• **ACTIVITY**
Once the line with "为推动2021年度公司年度经" is found in the entries below, repeat it and each following line exactly, up to and including the line with "車來車往的大馬路口,這名穿著". Add no other lines.

• **THE RECORDS**
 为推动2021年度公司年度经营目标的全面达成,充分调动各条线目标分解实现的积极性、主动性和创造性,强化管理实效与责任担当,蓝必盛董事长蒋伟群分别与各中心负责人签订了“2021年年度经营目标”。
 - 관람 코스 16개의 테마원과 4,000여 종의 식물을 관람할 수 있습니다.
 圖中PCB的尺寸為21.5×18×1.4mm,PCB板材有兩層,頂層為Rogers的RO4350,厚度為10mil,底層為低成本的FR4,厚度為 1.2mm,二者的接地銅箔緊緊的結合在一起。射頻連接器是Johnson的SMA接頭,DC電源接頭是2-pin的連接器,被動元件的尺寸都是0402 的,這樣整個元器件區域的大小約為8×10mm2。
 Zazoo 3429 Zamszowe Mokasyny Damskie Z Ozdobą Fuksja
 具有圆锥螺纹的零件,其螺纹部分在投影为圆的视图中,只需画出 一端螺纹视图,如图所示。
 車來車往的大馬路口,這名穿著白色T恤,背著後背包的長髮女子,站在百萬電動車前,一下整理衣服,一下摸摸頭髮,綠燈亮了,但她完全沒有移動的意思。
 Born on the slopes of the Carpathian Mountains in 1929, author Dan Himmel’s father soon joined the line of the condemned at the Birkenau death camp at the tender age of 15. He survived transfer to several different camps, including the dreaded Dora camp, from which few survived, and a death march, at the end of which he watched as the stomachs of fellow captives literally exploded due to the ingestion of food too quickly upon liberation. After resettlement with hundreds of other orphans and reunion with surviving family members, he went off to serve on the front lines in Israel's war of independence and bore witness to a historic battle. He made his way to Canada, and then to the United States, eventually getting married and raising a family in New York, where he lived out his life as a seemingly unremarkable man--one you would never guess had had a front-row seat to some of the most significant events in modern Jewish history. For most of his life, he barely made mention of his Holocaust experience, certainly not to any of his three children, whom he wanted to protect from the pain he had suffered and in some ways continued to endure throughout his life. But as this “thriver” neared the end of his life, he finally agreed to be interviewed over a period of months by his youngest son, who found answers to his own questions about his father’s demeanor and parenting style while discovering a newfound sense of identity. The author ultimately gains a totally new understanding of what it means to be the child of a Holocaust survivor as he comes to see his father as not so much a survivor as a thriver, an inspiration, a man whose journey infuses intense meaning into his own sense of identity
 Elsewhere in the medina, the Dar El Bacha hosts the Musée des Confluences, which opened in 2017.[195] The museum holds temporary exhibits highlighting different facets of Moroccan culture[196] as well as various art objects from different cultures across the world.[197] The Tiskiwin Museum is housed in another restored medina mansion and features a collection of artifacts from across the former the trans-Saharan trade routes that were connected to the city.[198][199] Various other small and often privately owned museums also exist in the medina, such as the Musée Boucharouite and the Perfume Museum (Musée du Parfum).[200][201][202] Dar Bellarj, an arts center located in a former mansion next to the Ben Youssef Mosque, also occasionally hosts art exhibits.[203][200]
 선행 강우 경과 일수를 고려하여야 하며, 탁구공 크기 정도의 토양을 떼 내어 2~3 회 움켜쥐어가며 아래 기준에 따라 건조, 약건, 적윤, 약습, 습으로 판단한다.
---
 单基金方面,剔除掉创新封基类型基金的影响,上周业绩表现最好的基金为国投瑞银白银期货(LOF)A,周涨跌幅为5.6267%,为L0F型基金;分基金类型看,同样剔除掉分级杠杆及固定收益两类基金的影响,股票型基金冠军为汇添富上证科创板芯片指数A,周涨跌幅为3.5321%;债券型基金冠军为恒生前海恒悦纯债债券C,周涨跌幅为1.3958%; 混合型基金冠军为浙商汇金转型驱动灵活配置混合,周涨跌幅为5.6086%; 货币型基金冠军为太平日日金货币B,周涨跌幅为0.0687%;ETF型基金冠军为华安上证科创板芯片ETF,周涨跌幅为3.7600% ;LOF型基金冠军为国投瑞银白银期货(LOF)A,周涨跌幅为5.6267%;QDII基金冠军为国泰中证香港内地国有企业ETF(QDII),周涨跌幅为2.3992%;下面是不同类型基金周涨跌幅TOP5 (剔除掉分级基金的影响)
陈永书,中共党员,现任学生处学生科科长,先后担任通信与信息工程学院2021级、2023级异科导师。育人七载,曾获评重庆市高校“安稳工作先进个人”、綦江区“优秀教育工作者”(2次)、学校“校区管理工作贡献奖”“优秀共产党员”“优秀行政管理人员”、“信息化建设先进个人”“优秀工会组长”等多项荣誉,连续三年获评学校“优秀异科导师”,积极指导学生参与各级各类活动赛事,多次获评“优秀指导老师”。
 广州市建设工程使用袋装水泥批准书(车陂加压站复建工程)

• **RESULT FOR THIS TASK**
 为推动2021年度公司年度经营目标的全面达成,充分调动各条线目标分解实现的积极性、主动性和创造性,强化管理实效与责任担当,蓝必盛董事长蒋伟群分别与各中心负责人签订了“2021年年度经营目标”。
 - 관람 코스 16개의 테마원과 4,000여 종의 식물을 관람할 수 있습니다.
 圖中PCB的尺寸為21.5×18×1.4mm,PCB板材有兩層,頂層為Rogers的RO4350,厚度為10mil,底層為低成本的FR4,厚度為 1.2mm,二者的接地銅箔緊緊的結合在一起。射頻連接器是Johnson的SMA接頭,DC電源接頭是2-pin的連接器,被動元件的尺寸都是0402 的,這樣整個元器件區域的大小約為8×10mm2。
 Zazoo 3429 Zamszowe Mokasyny Damskie Z Ozdobą Fuksja
 具有圆锥螺纹的零件,其螺纹部分在投影为圆的视图中,只需画出 一端螺纹视图,如图所示。
 車來車往的大馬路口,這名穿著白色T恤,背著後背包的長髮女子,站在百萬電動車前,一下整理衣服,一下摸摸頭髮,綠燈亮了,但她完全沒有移動的意思。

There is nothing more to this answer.